Focus on AGS: AGS to add two interactive studios as omnichannel interest intensifies

Friday, October 24, 2025 8:00 AM
  • United States
  • Mark Gruetze, CDC Gaming

AGS will open two more interactive game studios to support the rapidly growing demand for the company’s burgeoning omnichannel slot offerings.

The company’s existing interactive studio has helped to nearly triple AGS’s interactive business, Zoe Ebling, vice president of interactive, said. “We will now have content from three interactive studios, and that plays into a lot more omnichannel offerings. We’ve been strategic about where we’ve placed these studios and how we do land-based development, so we’re scaling the interactive business to meet the demands we’ve created.”

With the additions, AGS will have 10 game studios around the world.

Ebling said the demarcation between online and in-person slot play has faded since the introduction of online gaming in the United States. “People want to move from one to the other,” she said. “When you’re able to have someone play on multiple channels, their lifetime values skyrockets. That’s what we want to expand.”

One way to encourage the crossover is by having “activation” events that appeal to both in-person and online players. She cited a recent event with BetMGM with Rakin’ Bacon Jackpot Bonus Wheel and Rakin’ Bacon Jackpot Bonus Board, which are available online and on land.

“We curate an experience where we bring online customers into the casino. Maybe you attract casino people, and tell them about online. There’s a lot of ways you could move people in and out, but what you need is something that ignites that. We’ve found a lot of success in these experiences.”

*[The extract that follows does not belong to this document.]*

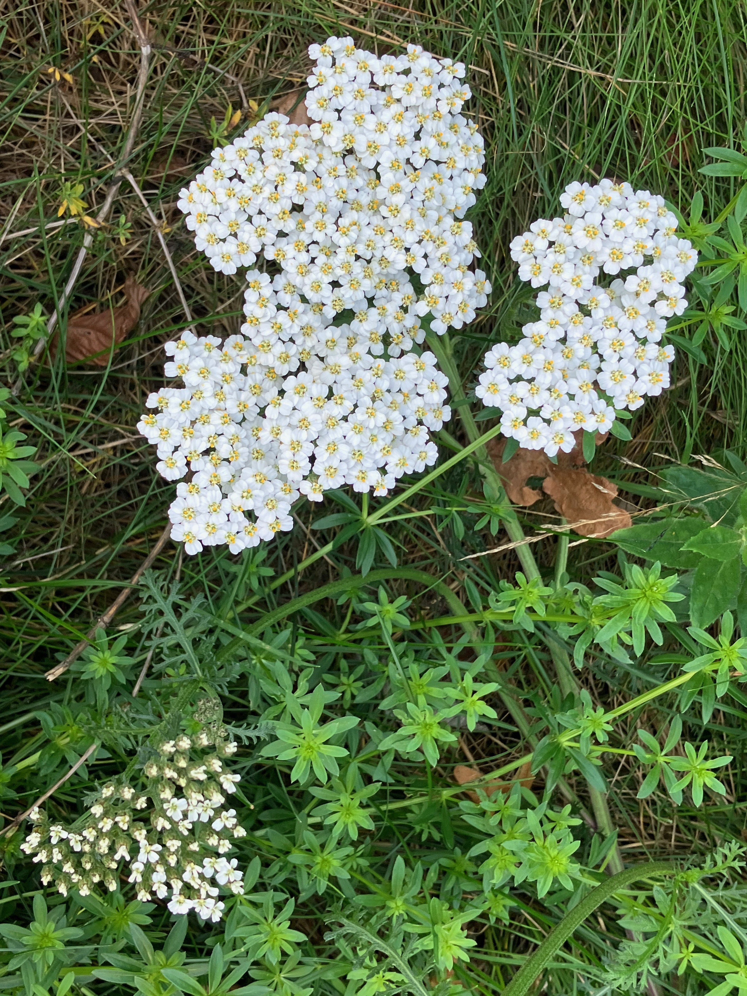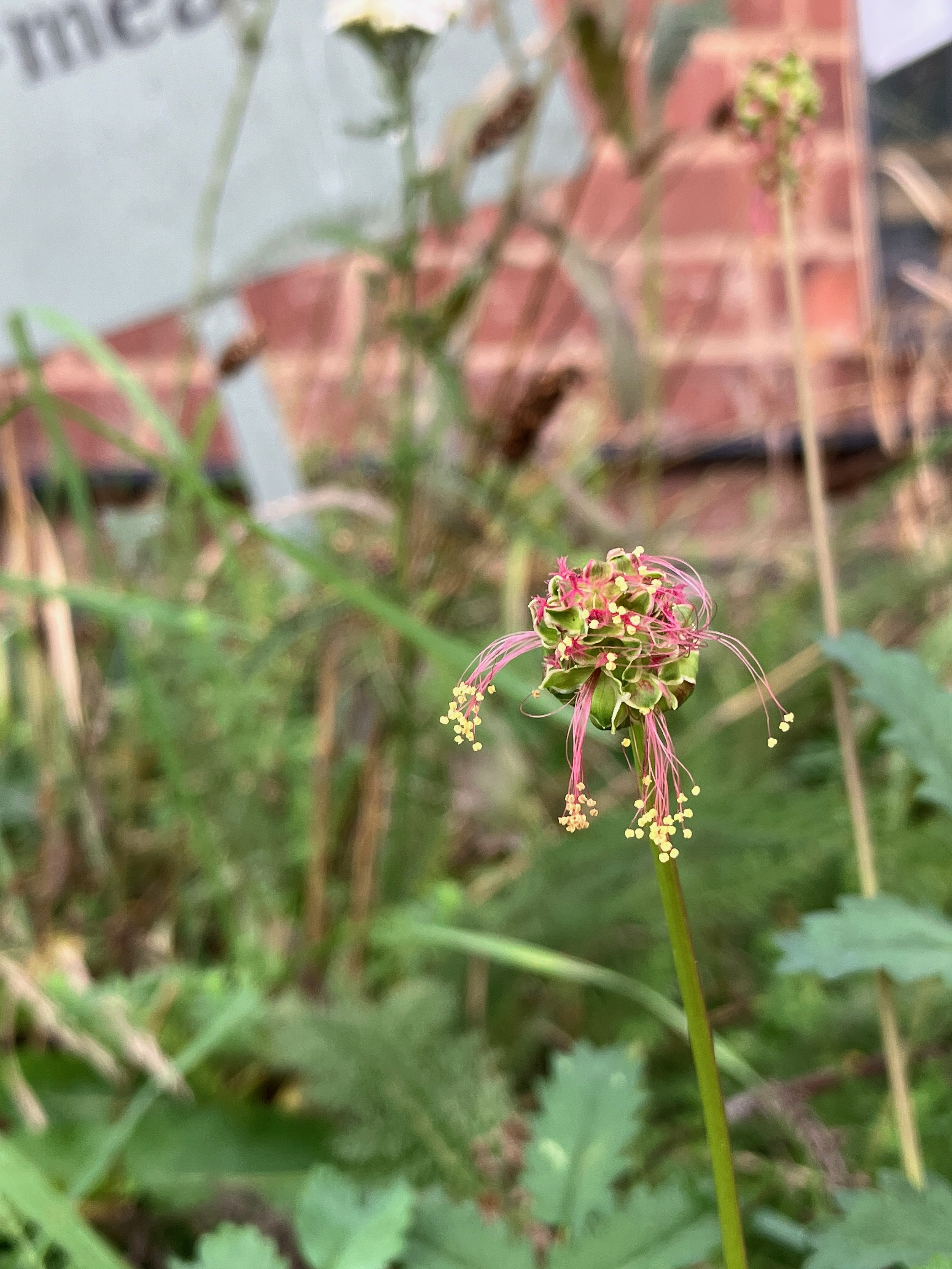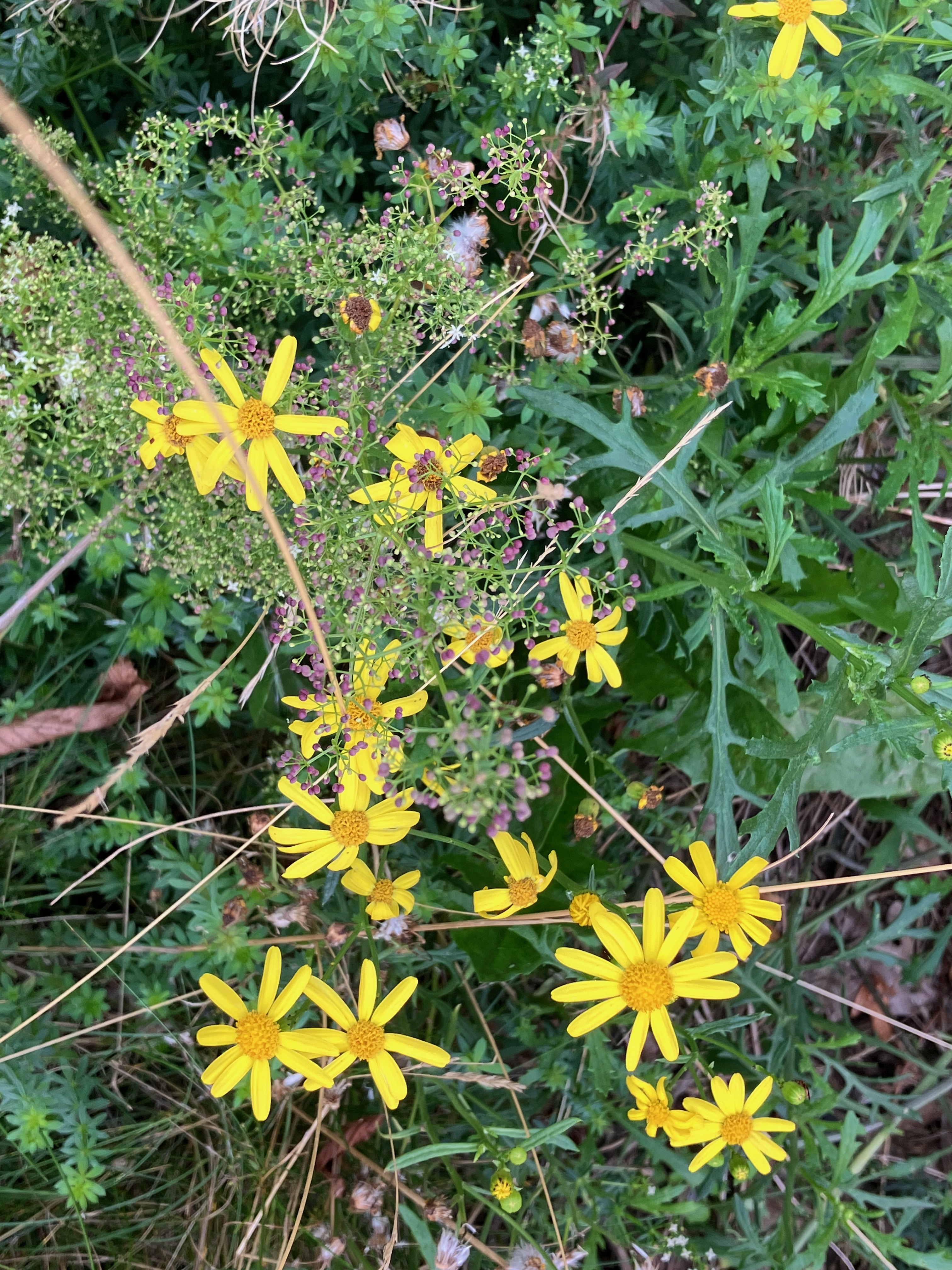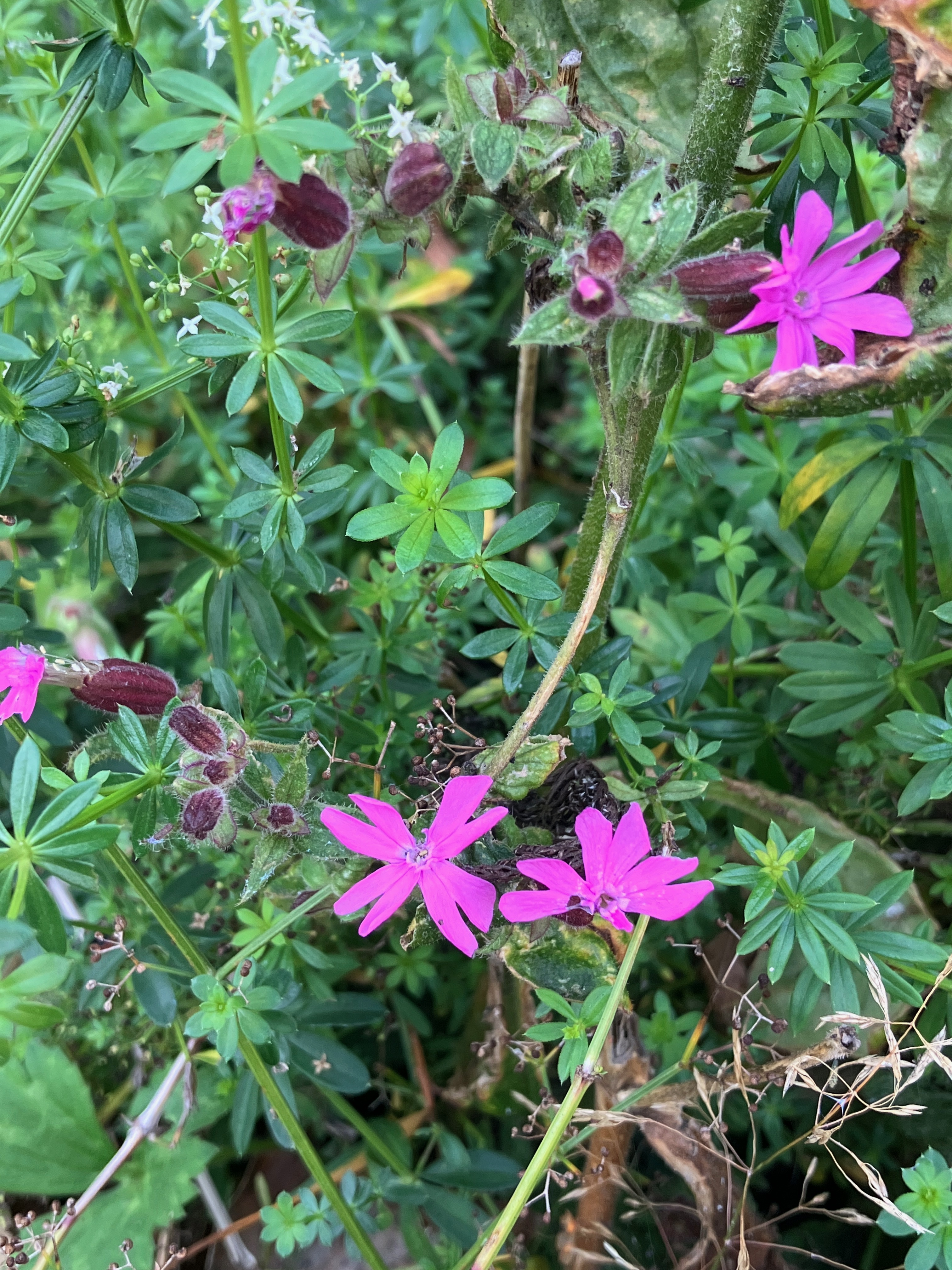 We noted dock seedheads, ragwort, yarrow, hedge bedstraw, red campion, salad burnet, purple toadflax, and common mallow.

She noted that gaming is not the only industry finding ways to help customers bridge the gap between online and retail operations. Target and Walmart, for example, offer the option of buying online and picking up at the store or buying in-store and having it shipped to the buyer’s home. Fast-food operator Carl’s Jr. did a pop-up nightclub event using influencers to draw people in and then served Carl’s Jr. hamburgers to all. Last year, Atlantis Paradise Island in the Bahamas celebrated the 65th birthday of the Barbie doll, with a mammoth ball pit and photo opportunities in oversize Barbie boxes.

“As we move further and further into a digital space, physical things are going to become more and more valuable,” Ebling said. “We see these intersections of digital and physical occurring, not just in our space, but in other spaces, so we know this area of convergence is really valuable.”

AGS has found success with events that have a non-gaming theme. She pointed to the company’s Hawaiian-themed “Aloha Alberta” events held simultaneously across 30 properties in Alberta, Canada, celebrating the Rakin’ Bacon family of slots. “We had product on both sides, but we applied this really fun theme. It’s about making sure it grabs peoples’ attention,” Ebling said. In this case, casinos had staff members throughout the casinos wearing leis, flowers, or other paraphernalia to spotlight the event.

“Instead of just having digital marketing and maybe something on the floor, we had a team of people that were working together,” Ebling said. “When we can engage a property and really get everybody working toward the same vision and goal, we see better success.”

Several online operators prefer being the exclusive provider of a particular slot title or line as part of their overall player-retention strategy. “We have so much that we can carve out so one customer can have this game family and another can have that game family,” Ebling said. “We try to have that something special be relevant to what their business is, so we also feed into what the operators want.”

AGS Interactive is active in the United States, Canada, Latin America, and several European countries, including the United Kingdom, Italy, and Romania.

While many users and retailers have become accustomed to functioning easily in both online and land-based settings, Ebling said the gaming industry as a whole is not there yet. “It’s still so fragmented,” she said. “But we know we have to have offerings that are seamless, that are frictionless. That’s where we’re going.”

Mark Gruetze is a veteran journalist from suburban Pittsburgh who covers casino gaming issues and personalities.